Governor Brian Kemp signed the new state sales tax into law Tuesday, applying the tax to items that online customers buy and download.

ATLANTA — Prepare to pay a bit more when you buy eBooks, digital music and games online.

Tuesday, Georgia’s governor signed a bill into law to tax digital downloads.

You’ll have to pay state and local sales taxes on anything you buy and download to keep, beginning in January.

And that’s expected to bring in hundreds of millions of dollars of extra revenue for the state in just the first few years.

As it is, book buyers in Georgia, for example, know that when they buy the digital version of a book and download it, right now they don’t have to pay any sales taxes on it.

But customers who buy printed books, either in person or online, know that they have to pay state and local sales taxes.

Starting in January in Georgia, whatever people buy and download — such as eBooks, music, knitting patterns, video games, you name it — will have Georgia state and local sales taxes added to the purchase price.

That video game someone buys for $60 or $70 will cost four or five dollars more, depending on the sales taxes in the city and county where they live in Georgia.

Someone who spends, say, $100 on eBooks will have to pay an extra six or seven dollars, or more.

“It’s fair that they tax online books, too,” on what people download, said Kimberly McNamara Tuesday.

McNamara owns Read It Again Book Store in Suwanee.
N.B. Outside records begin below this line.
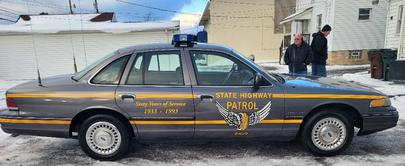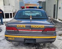Restored to perfection, this 1993 Ford Crown Victoria, celebrating the 60th Anniversary of the Ohio State Highway Patrol, now dedicated to the memory of Trooper James R. Gross, Unit 1413, E.O.W. January 19, 1996.
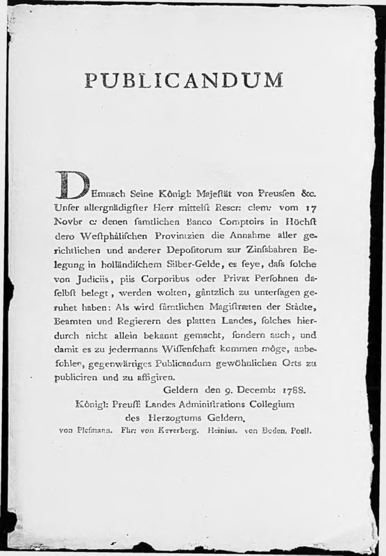 Het Landes Adminsirations Collegium maakt bekend dat de bankkantoren in de Westfaalse provincies geen gelden van gerechten, pieuze fundaties of particulieren mogen aannemen ter belegging in obligaties, rentedragend in Hollands zilvergeld.
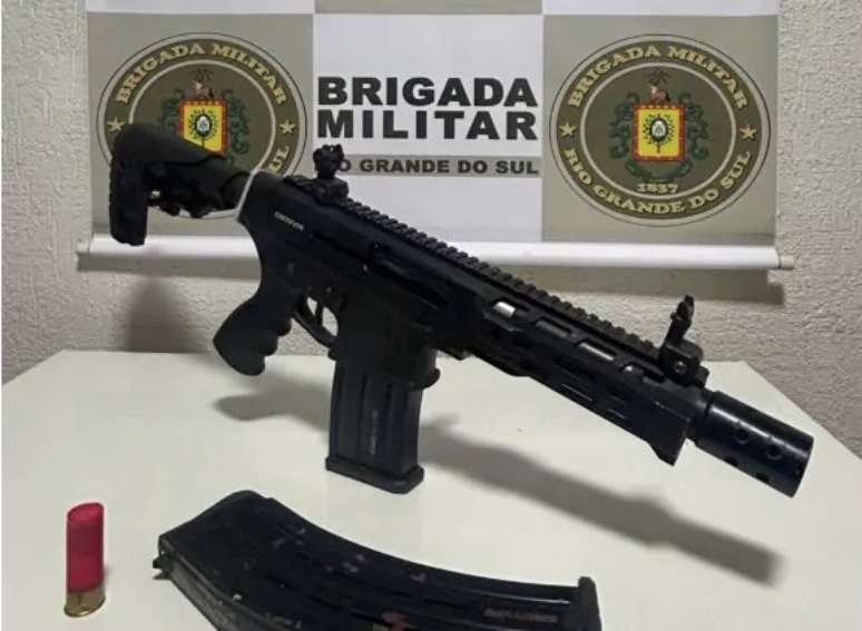 A revista no local revelou uma espingarda semiautomática da marca Derya, modelo MK-12, com numeração suprimida, além de dois carregadores - um com capacidade para 10 munições e outro para 20 - e um cartucho intacto calibre 12.
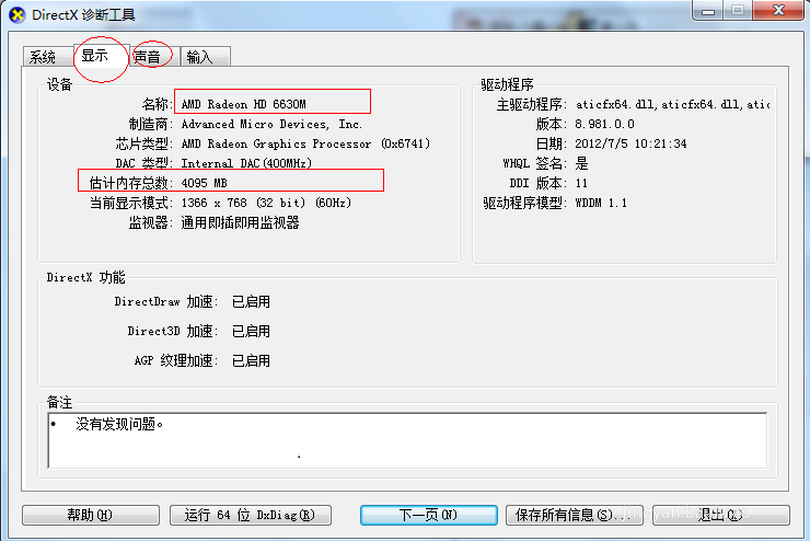 2、 在这个出现的DirectX诊断工具里面,大家可以查看到操作系统、处理器、内存、显卡等信息。
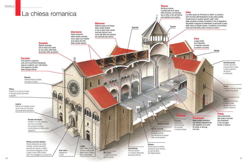 Alzato del Battistero fiorentino.JPG Basilica di Paray-le-Monial, 1090-1110, veduta absidale.jpg Basilica di Sainte-Madeleine a Vézelay inizio del XII secolo-1215 ca, interno.jpg Basilica di Saint-Sernin a Tolosa (Francia), dal 1080, veduta absidale.jpg Basilica di San Marco-disegno ricostruttivo ipotetico.jpg Basilica di San Miniato al Monte.jpg Basilica di San Nicola a Bari.jpg Basilica di Sant'Ambrogio.jpg Campo dei Miracoli-Pisa.jpg Capitello Abbazia di Chiaravalle.jpg Chiesa abbaziale di Sainte-Foy a Conques (Francia).jpg Chiesa abbaziale di Sant'Antimo.jpg Chiesa della Trinità a Saccargia-Sassari.jpg Cupole di San Marco.jpg Duomo di Spira (Germania), 1030-1106, volta a botte.jpg Il cammino per Santiago de Compostela.jpg Interno Duomo di Pisa.jpg La chiesa romanica-assonometria.jpg Magister Lanfranco Mirabilis Artifex.jpg navata di Sant'Ambrogio.jpg Particolare architettonico di San Miniato.jpg Pellegrini medievali.jpg Pellegrini medievali2.jpg Pianta di S.Ambrogio.JPG Pianta di Saint Sernin.jpg Pianta di San Ciriaco.JPG Pianta Duomo Spira.jpg quattro livelli.jpg Rilievo dei Pellegrini Duomo di Fidenza.jpg San Ciriaco.jpg San Ciriaco - esterno.jpg Sant'Ambrogio.jpg Sant'Ambrogio, interno.jpg sezione di una chiesa romanica.jpg sezioni di pilastri.jpg TANTUM ERGO SACRAMENTUM - CANTOS GREGORIANOS E DE CORAIS.mp3 Veduta del Campo dei Miracoli.jpg Veduta interna di San Marco.jpg Volta a botte e a crociera.jpg

She just celebrated 20 years in business.

The business is thriving, even as more Americans than ever are buying and reading eBooks instead of printed books.
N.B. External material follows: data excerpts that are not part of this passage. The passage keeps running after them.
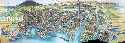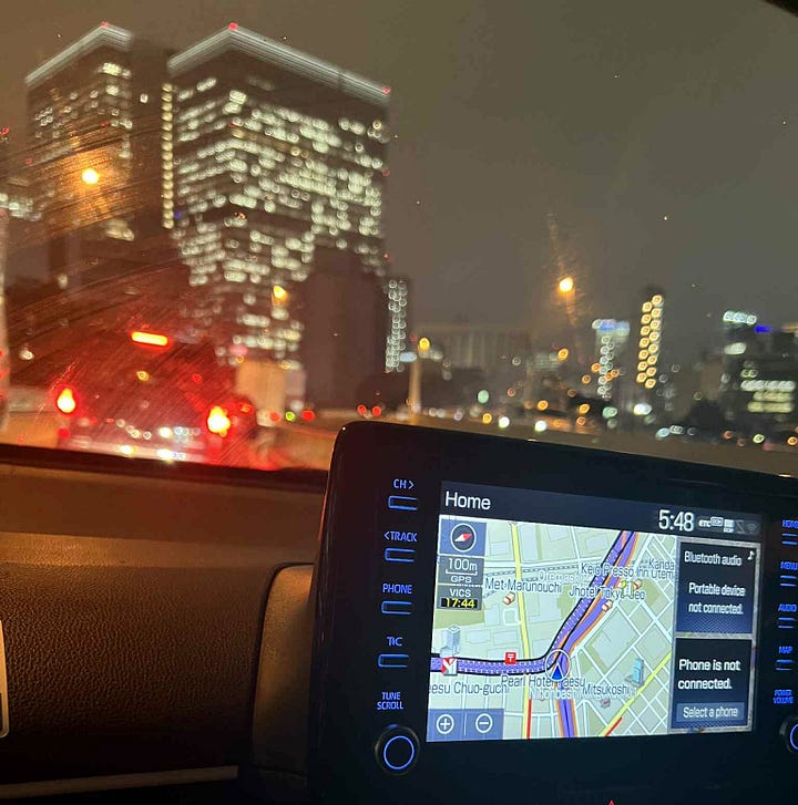 Ha megnézed a térképet, kedves követő-rajongó, akkor láthatod, hogy a mi kis városunk, Tōgane és Fujikawaguchiko között a legrövidebb út azt jelenti, hogy diagonálisan át kell vezetni a 38 milliós Tokión – mindezt tájfun idején, zuhogó esőben, a péntek délutáni csúcsforgalomban, miközben az autó navigációja néha japánul adja az instrukciókat, annak ellenére, hogy angolra állítottam. Japánt jól ismerő nyájas olvasóimat most külön megkérem, ne adjanak ötleteket, hogy át lehet jutni a Tokiói-öböl alatt lévő Aqualine alagúton. Igen, tudom. Arra hosszabb, és péntek délután Tokióban mindenhol dugó van. Ott is. Sőt.
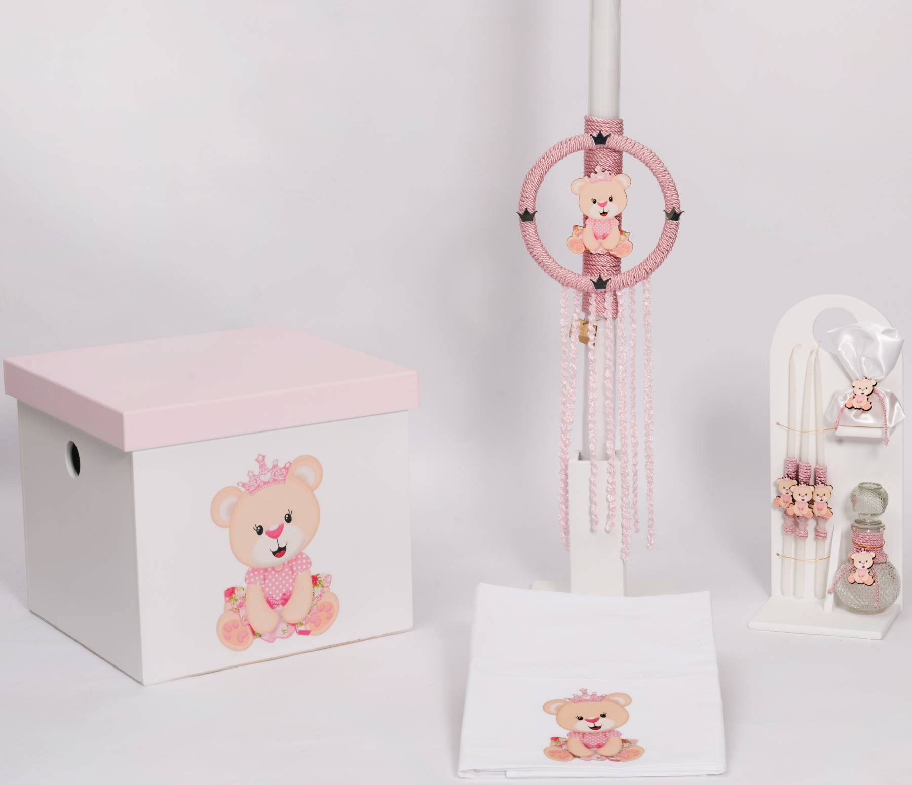 Σετ βάπτισης κορίτσι με θέμα Αρκουδάκι με Κορώνα.
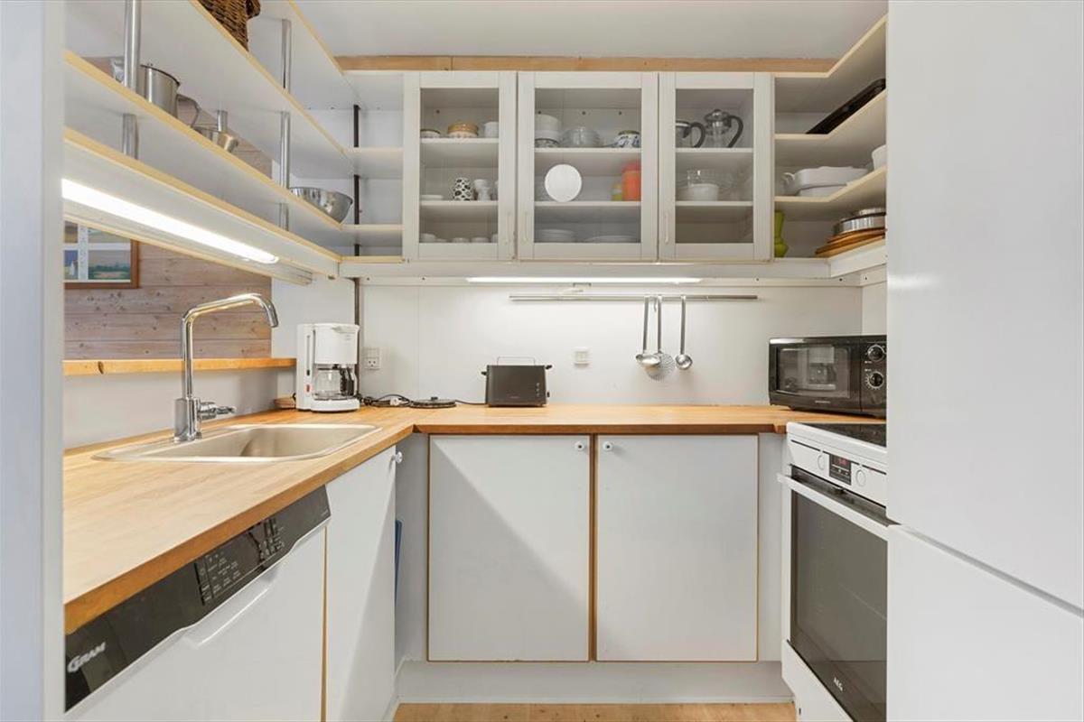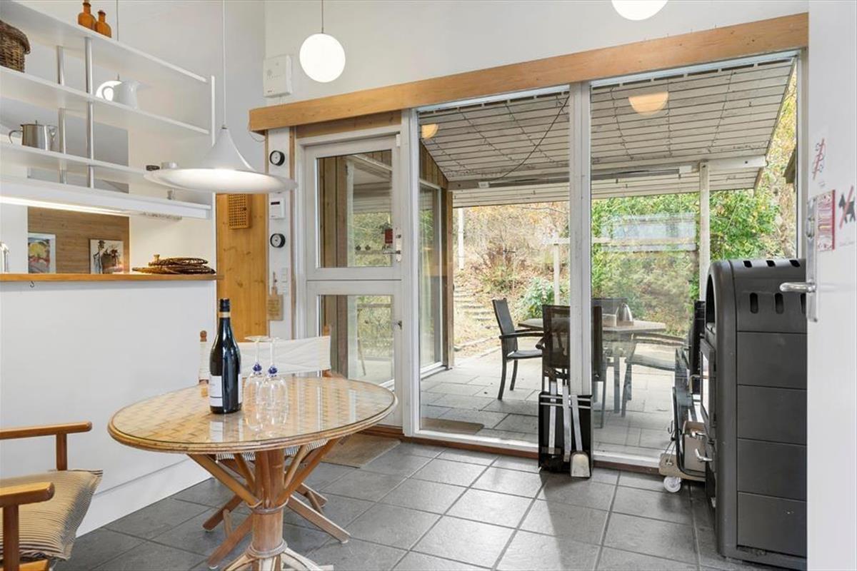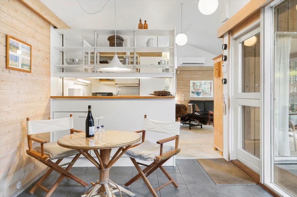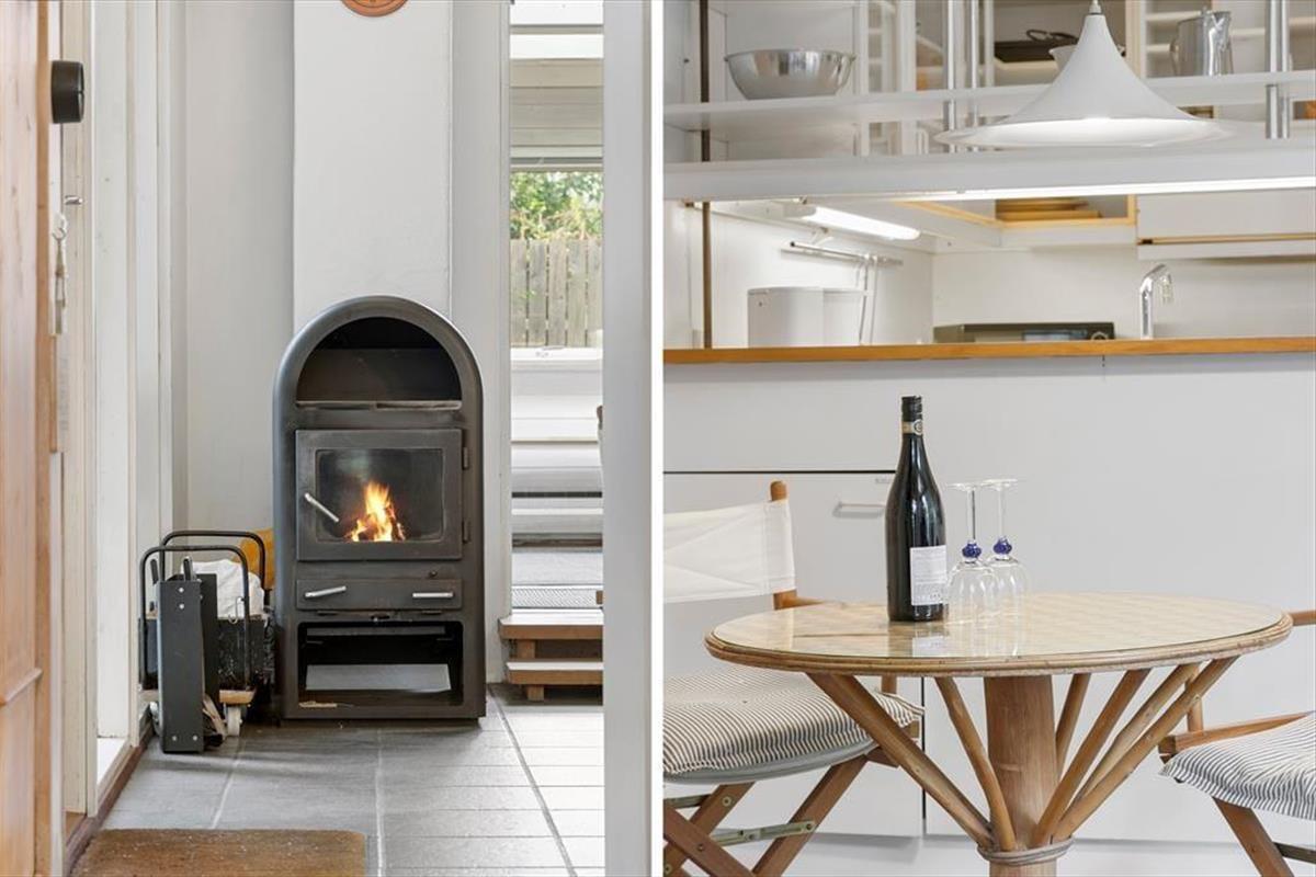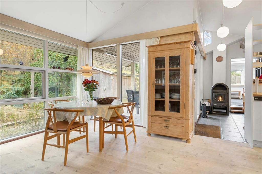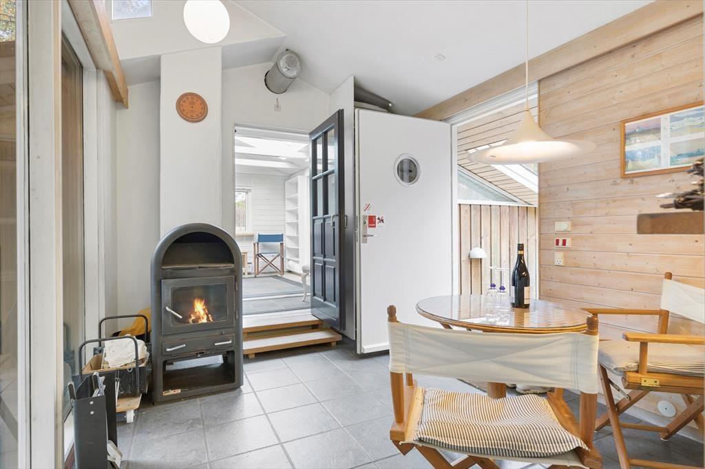 Das Ferienhaus empfängt dich mit einer warmen und einladenden Atmosphäre. Der gemütliche Küchenbereich mit Kaminofen wird schnell zum natürlichen Treffpunkt, wo du die Urlaubsmahlzeiten und gute Gespräche genießen kannst, während die Wärme des Ofens eine entspannte Stimmung schafft. Das Wohnzimmer ist mit bequemen Möbeln und großen Fenstern ausgestattet, die einen schönen Blick auf das grüne Umfeld bieten und die Natur auch drinnen erlebbar machen. Hier ist viel Platz zum Entspannen, und das Ferienhaus strahlt einen entspannten Charme aus, der dazu einlädt, einfach da zu bleiben.

And McNamara said that having eBook buyers pay the same sales taxes that hardcopy buyers pay is fair, but it probably won’t make much of a difference to her sales, or to the digital download sales, because the two types of booksellers appeal to totally different customer bases.

“We don’t try to compete with prices online,” she said, “because we would have been out of business in ’07 when eBooks really started. So what we try to provide is a community space for people to come and read and talk to people who like to read.”
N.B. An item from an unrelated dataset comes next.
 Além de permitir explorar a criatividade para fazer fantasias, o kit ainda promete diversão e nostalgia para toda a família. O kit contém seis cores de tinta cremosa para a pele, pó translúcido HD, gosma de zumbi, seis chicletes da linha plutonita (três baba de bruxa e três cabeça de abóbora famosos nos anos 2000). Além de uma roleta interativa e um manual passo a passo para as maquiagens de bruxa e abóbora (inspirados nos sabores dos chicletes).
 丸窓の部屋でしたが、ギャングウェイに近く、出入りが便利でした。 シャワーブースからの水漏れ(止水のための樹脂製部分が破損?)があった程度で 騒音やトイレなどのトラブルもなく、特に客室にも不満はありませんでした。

In whatever way the new state tax impacts digital download sales, it’s expected to raise a lot of money for Georgia — a projected $172 million in extra sales tax revenue in just the first full year it will be in effect.

The new digital download sales tax will not apply to everything people download.

It will not apply, for example, to online subscriptions; so newspapers that people download as part of their subscriptions will still be tax free.

But the author of the new law tells 11Alive that next year he will work to tax online subscriptions, as well, as part of the state’s long-range plan of taxing in-person and online sales the same.